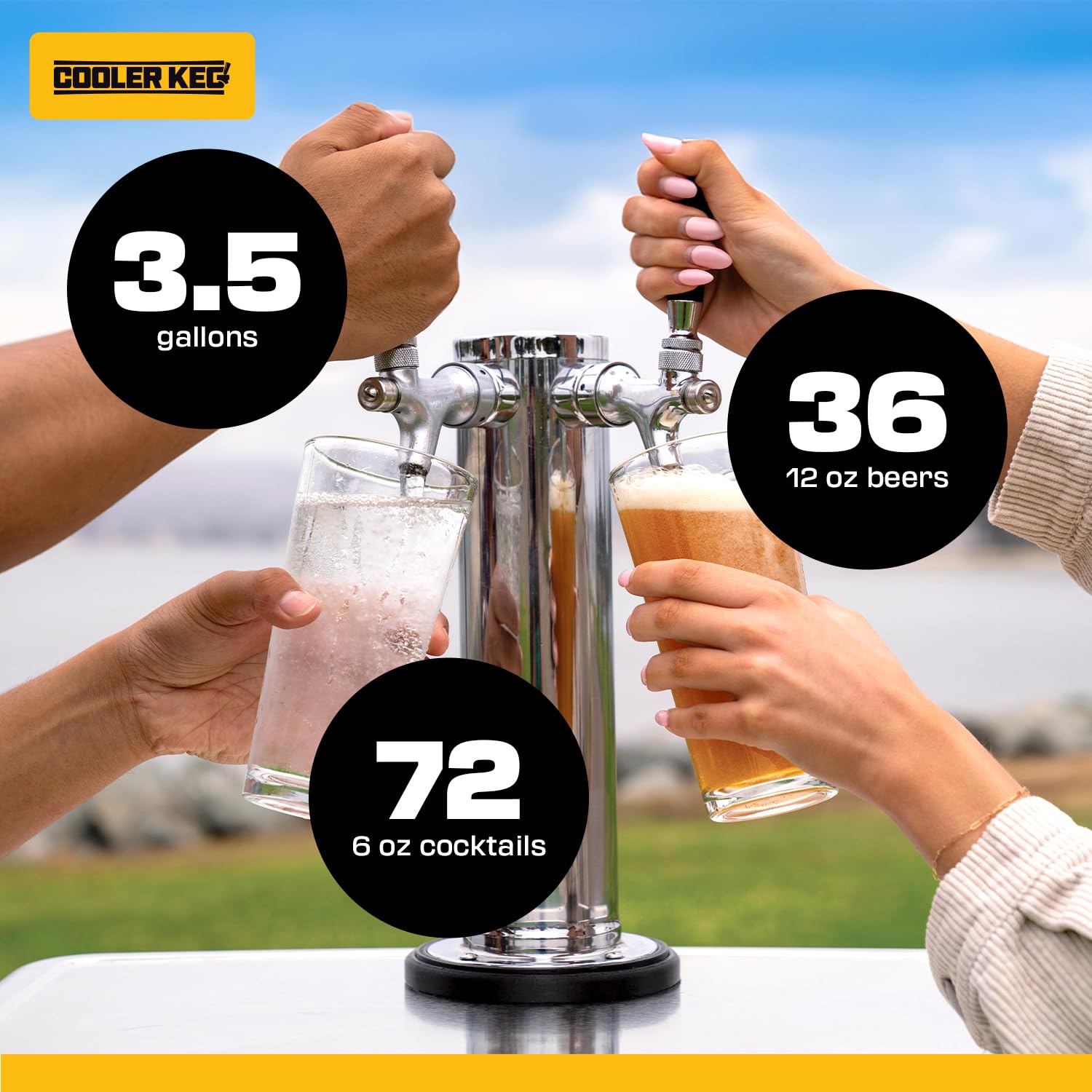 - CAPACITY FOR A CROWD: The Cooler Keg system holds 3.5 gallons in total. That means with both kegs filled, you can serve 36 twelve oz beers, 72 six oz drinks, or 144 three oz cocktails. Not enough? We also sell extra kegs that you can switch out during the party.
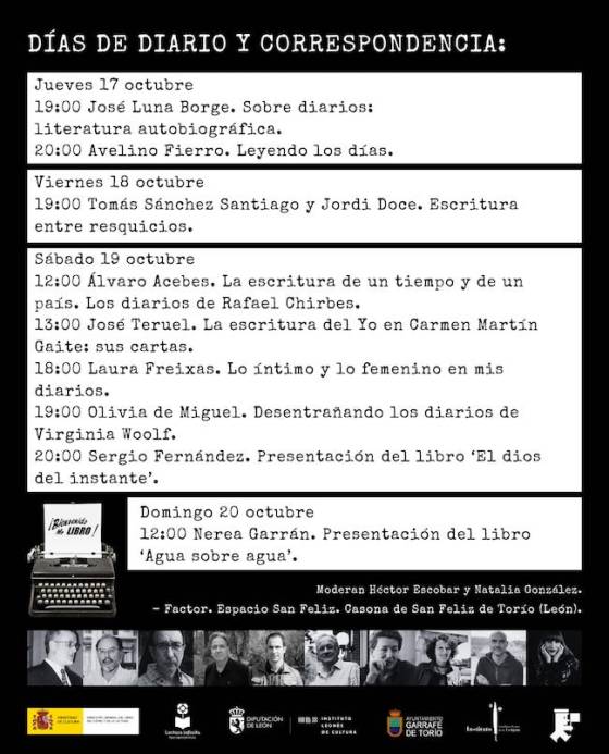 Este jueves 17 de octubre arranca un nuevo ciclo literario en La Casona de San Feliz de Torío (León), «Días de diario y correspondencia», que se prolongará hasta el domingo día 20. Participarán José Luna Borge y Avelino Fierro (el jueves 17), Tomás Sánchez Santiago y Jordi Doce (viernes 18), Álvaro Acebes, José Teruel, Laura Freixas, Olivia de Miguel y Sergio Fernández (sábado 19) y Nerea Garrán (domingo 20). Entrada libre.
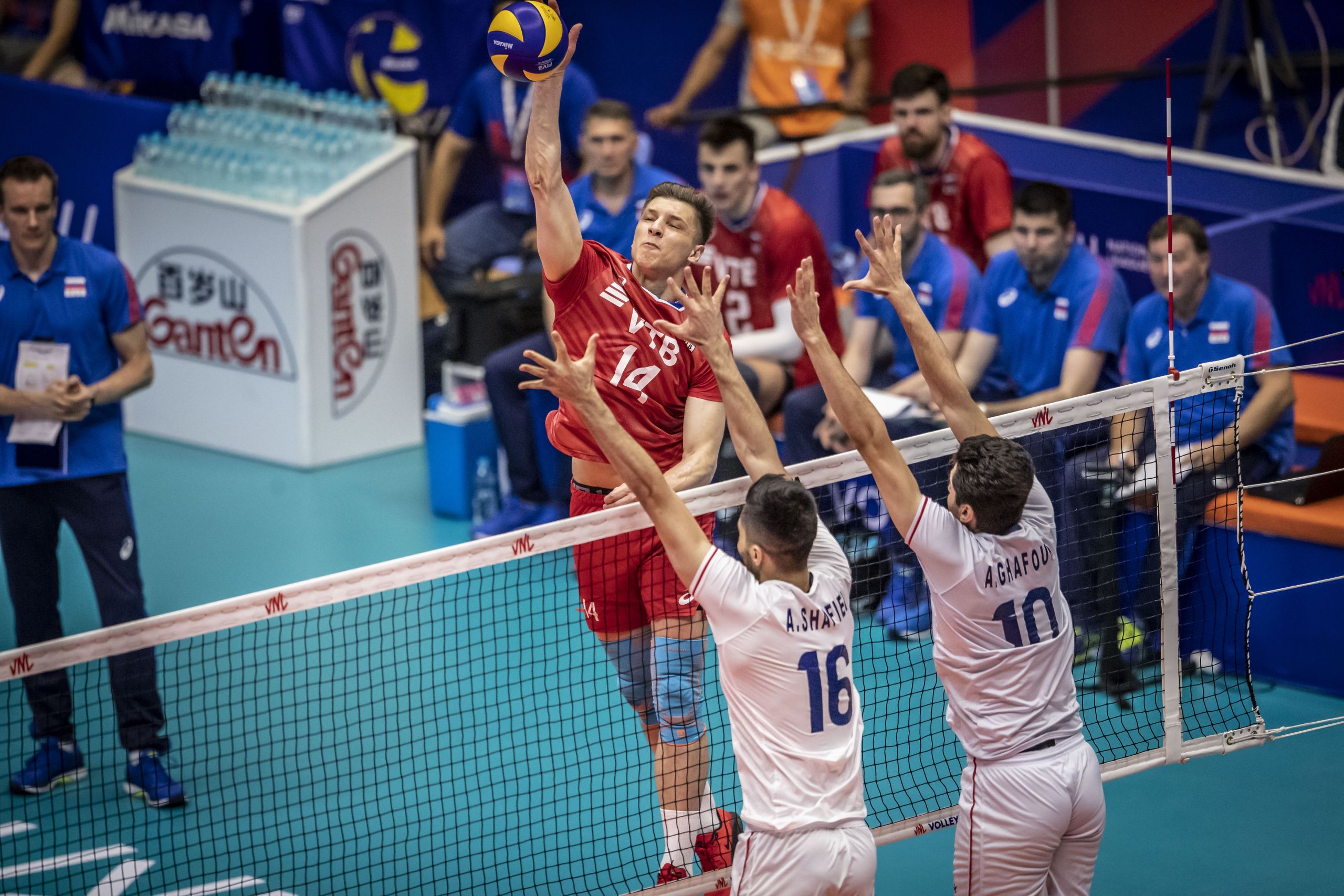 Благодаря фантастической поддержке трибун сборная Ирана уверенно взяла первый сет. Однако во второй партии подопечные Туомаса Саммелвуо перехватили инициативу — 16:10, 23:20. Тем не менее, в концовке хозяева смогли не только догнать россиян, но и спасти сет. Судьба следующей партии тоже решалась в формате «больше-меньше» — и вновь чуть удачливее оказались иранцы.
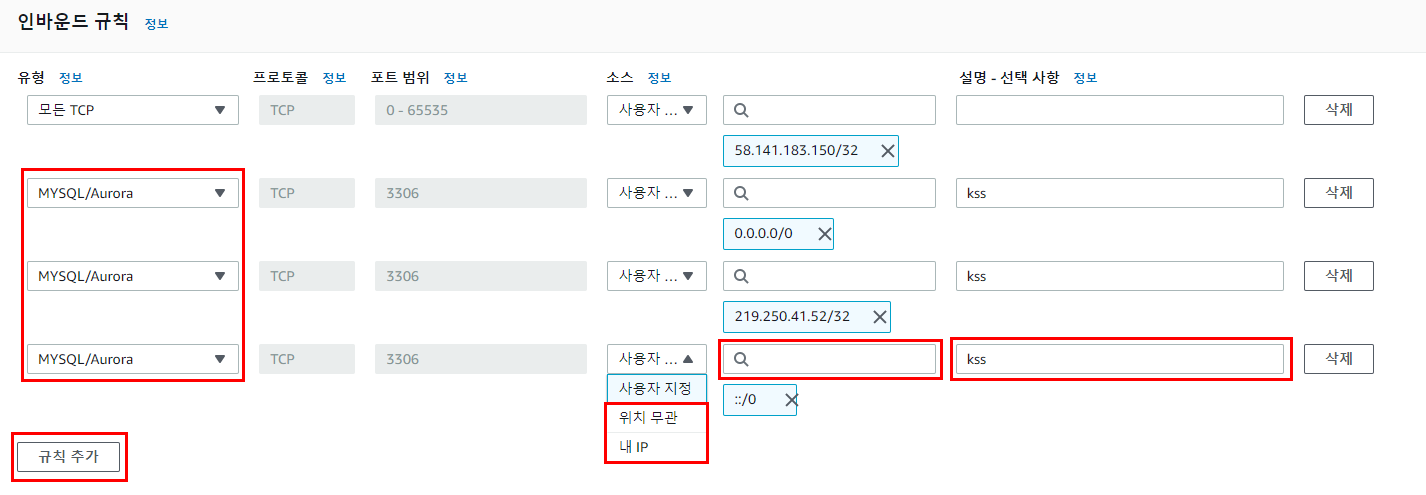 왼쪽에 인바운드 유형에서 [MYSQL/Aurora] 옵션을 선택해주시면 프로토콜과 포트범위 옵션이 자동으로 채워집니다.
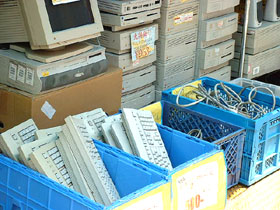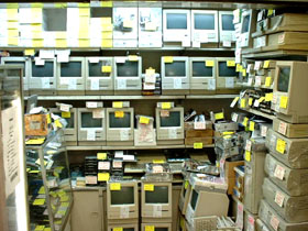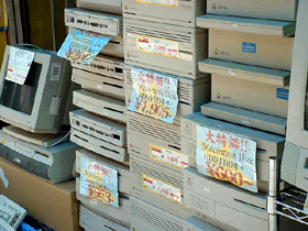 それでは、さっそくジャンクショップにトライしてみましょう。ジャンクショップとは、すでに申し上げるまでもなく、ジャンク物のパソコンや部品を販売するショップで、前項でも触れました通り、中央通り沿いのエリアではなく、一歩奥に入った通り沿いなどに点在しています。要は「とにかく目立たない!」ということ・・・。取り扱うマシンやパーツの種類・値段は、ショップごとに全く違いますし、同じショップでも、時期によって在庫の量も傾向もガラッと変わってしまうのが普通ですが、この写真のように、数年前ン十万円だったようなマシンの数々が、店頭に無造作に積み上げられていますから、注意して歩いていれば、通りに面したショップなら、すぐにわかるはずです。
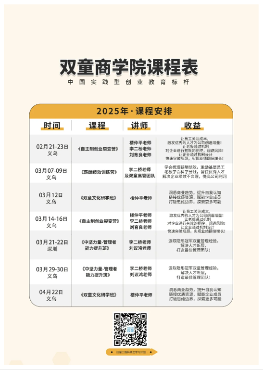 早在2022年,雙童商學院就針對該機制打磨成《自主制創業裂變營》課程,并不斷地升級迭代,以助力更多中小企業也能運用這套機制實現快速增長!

About this task: Retype all the entries word for word; the pictures stay out.

Written response:
 - CAPACITY FOR A CROWD: The Cooler Keg system holds 3.5 gallons in total. That means with both kegs filled, you can serve 36 twelve oz beers, 72 six oz drinks, or 144 three oz cocktails. Not enough? We also sell extra kegs that you can switch out during the party.
 Este jueves 17 de octubre arranca un nuevo ciclo literario en La Casona de San Feliz de Torío (León), «Días de diario y correspondencia», que se prolongará hasta el domingo día 20. Participarán José Luna Borge y Avelino Fierro (el jueves 17), Tomás Sánchez Santiago y Jordi Doce (viernes 18), Álvaro Acebes, José Teruel, Laura Freixas, Olivia de Miguel y Sergio Fernández (sábado 19) y Nerea Garrán (domingo 20). Entrada libre.
 Благодаря фантастической поддержке трибун сборная Ирана уверенно взяла первый сет. Однако во второй партии подопечные Туомаса Саммелвуо перехватили инициативу — 16:10, 23:20. Тем не менее, в концовке хозяева смогли не только догнать россиян, но и спасти сет. Судьба следующей партии тоже решалась в формате «больше-меньше» — и вновь чуть удачливее оказались иранцы.
 왼쪽에 인바운드 유형에서 [MYSQL/Aurora] 옵션을 선택해주시면 프로토콜과 포트범위 옵션이 자동으로 채워집니다.
 それでは、さっそくジャンクショップにトライしてみましょう。ジャンクショップとは、すでに申し上げるまでもなく、ジャンク物のパソコンや部品を販売するショップで、前項でも触れました通り、中央通り沿いのエリアではなく、一歩奥に入った通り沿いなどに点在しています。要は「とにかく目立たない!」ということ・・・。取り扱うマシンやパーツの種類・値段は、ショップごとに全く違いますし、同じショップでも、時期によって在庫の量も傾向もガラッと変わってしまうのが普通ですが、この写真のように、数年前ン十万円だったようなマシンの数々が、店頭に無造作に積み上げられていますから、注意して歩いていれば、通りに面したショップなら、すぐにわかるはずです。
 早在2022年,雙童商學院就針對該機制打磨成《自主制創業裂變營》課程,并不斷地升級迭代,以助力更多中小企業也能運用這套機制實現快速增長!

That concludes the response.